For Physics aficionados, this book is a must read. But, make sure you have some background in Relativity and Quantum Mechanics. I had a lot of difficulty in understanding many of the concepts in this book. I read the book twice, and the second time, I used the strategy of not questioning every statement, but of accepting many of the outrageous claims, and carrying on building on top of them. That helped a bit. Almost every now and then I found myself muttering, "Boy, these guys (the physicists of course) are nuts!"
Fortunately, as the eminent author admits, most of the leading edge physics of today is mathematics with little or no practical evidence, so we don't have to feel bad that we don't understand or appreciate some new theory.

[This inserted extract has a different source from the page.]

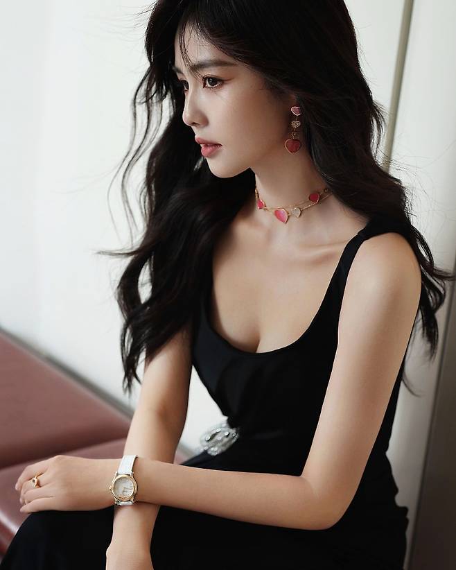 세련된 블랙 드레스로 우아한 매력을 선보인 백록

When they start talking about 11 dimensions and imaginary time, it basically means you have no way of ascertaining or refuting the veracity of any of their claims, except mathematically. Fortunately again, as the author admits, there is still a lot of mystery about the universe that is yet to be unraveled.
The chapters I enjoyed the most were the first one (A Brief History of Relativity) since it is easy to understand and filled with witty quotes of Einstein (for example, upon being offered the presidency of Israel, Einstein declined and said "politics is for the moment, an equation is for the eternity"); the second one ("The Shape of Time"); and the sixth one (Our Future? Star Trek or Not?) which speculates about our future. The speculations are quite astounding!
The book is full of beautiful diagrams and illustrations. The amount of text in the book is probably less than the total graphical content. It is evident that the author has taken utmost pain to make obtuse ideas accessible.
Even if you don't understand everything, it is still a great adventure to read this book to get an overview of what is going on at the forefront of Physics research.